Understanding Patient Hospital Stays: A Classification and Clustering Analysis in R

An application of machine learning methods to patient hospitalization records

Duncan W.
Towards Data Science

--

Co-author: Sophie Courtemanche-Martel

Photo by camilo jimenez on Unsplash

The effective management of patient hospital stays is one of the most challenging yet paramount priorities of modern healthcare systems. It is currently estimated that managing patient admissions and stays costs the US over $377.5 billion each year [1], and long term hospital stays risk overwhelming hospitals with limited capacities and patient resources. Research demonstrates that longer term stays can increase the probability of hospital-acquired conditions and infections [2], while decreasing a patient’s length of stay (LOS) can more effectively allocate resource consumption by hospitals and decrease the social and economic burden borne by patients.

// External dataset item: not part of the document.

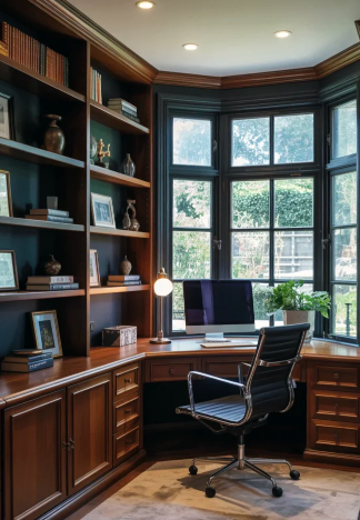Dark built-in bookcases lining the walls enhance a room’s sense of luxury and organization. Even without a vast library, these shelves can hold framed art, neatly arranged papers, and curated accents. Symmetry and intentional styling create calm and control, making it easier to focus while keeping the space cohesive and masculine.

Machine learning and data mining techniques have been increasingly used to draw insights from healthcare data, which can aid public health agencies and hospitals in managing human and financial resources. As such, there is significant value in being able to apply advanced analytics techniques to patient hospital records — such as using patient data to predict the length of a hospital stay, or to better understand the utilization of hospital resources by different patient groups.

Objective

The Medical Information Mart for Intensive Care (MIMIC) database is one source of patient data which provides a comprehensive stream of patient hospitalization records that have proven useful in past descriptive, predictive, and hypothesis-driven studies. Developed by the Massachusetts Institute of Technology Computational Physiology lab, the database contains anonymized entries for roughly 60,000 intensive care unit admissions at the Beth Israel Deaconess Medical Center, a teaching hospital of Harvard University located in Boston, Massachusetts.

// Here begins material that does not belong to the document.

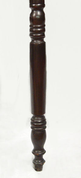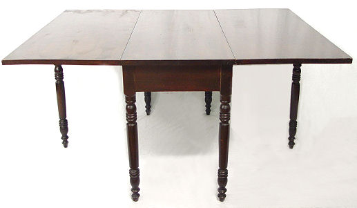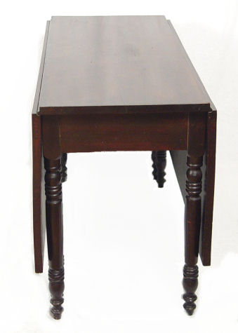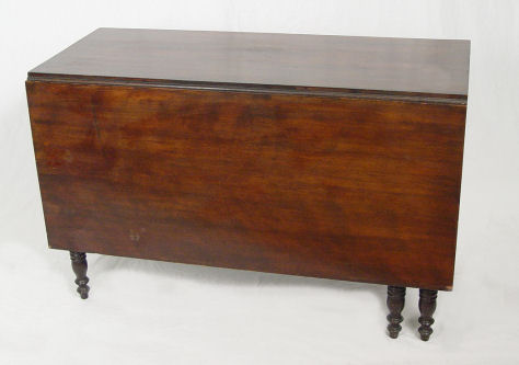 19TH CENTURY GATE LEG TABLE: 44'' X 18'' plus 19'' drops. Spool turned legs, single panel, soft wood.

For this analysis, we used data extracted from the MIMIC database to build two models in order to generate both predictive and exploratory insights regarding patient hospital stays. We first built a machine learning classification model to predict the categorical length of a patient’s hospital stay, given a patient’s observable characteristics at time of admission. Then, we used unsupervised learning techniques to cluster patients based on the number of various patient-caretaker interactions — such as procedures, inputs taken, and drugs prescribed — which can quantify the amount of human or physical resources used by a patient during their stay.

By combining these models, our aim is to explore both characteristics inherent to a patient’s background and condition upon admission, and attributes associated with a patient’s treatment process and resource consumption. These indicators can be used to benchmark and increase the effectiveness of medical service provision, enable the proactive allocation of critical healthcare resources, and potentially reduce the length of unnecessary stays.

Contents

Note that the models were built in R, and you can reference the full code here.

Data Description

The MIMIC III database contains more than 50,000 stays for adult patients and 8,000 neonatal patients recorded between June 2001 and October 2012.

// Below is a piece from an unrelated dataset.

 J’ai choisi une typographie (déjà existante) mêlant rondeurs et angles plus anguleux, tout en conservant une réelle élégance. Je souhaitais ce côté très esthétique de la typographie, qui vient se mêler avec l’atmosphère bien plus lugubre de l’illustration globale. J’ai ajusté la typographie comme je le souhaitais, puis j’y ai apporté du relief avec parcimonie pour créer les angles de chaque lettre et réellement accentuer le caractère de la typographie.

For the purposes of the analysis, we utilized a subset of attributes from the MIMIC III database compiled by physician Dr. Alexander Scarlat. This dataset contains information on patient demographics, admission details, patient condition, as well as information on the average daily number of various patient-caretaker interactions. In addition, the data includes the total length of a patient stay and whether or not the patient passed away during their stay.

Here’s a subset of the attributes:

Taking a Look at the Data

Even though the pre-prepared dataset extracted from the MIMIC III database was relatively clean, we still found that it was necessary to perform further preprocessing to facilitate the analysis. Class variations of the same category — such as “GI” vs. “Gastrointestinal”, were regrouped into the same class, and several high-cardinality categorical variables were reclassified to reduce the number of classes. Our key variable of interest — patient Length of Stay (LOS) — ranged from 0–294 days. To categorize the target for the classification task, we re-grouped LOS into three classes with a comparable number of observations in each class:

  • Short stays: 0–5 days
  • Medium stays: 6–10 days
  • Long stays: greater than 10 days

By looking at the various patient attributes, we see below that older patients more frequently experienced medium to long stays, whereas younger patients had the shortest hospital stays. While there is considerable variation across patients, it also seems that white patients tend to be older overall when compared to all other ethnicities.

Patient length of stay (LOS) by age, across various patient ethnicities. Figure by authors.

We also see that most patients were covered by either Medicare or private insurance, and the majority of patients were white. The most common admission diagnosis was for childbirth, which might explain the high number of emergency admissions but low mortality rates observed.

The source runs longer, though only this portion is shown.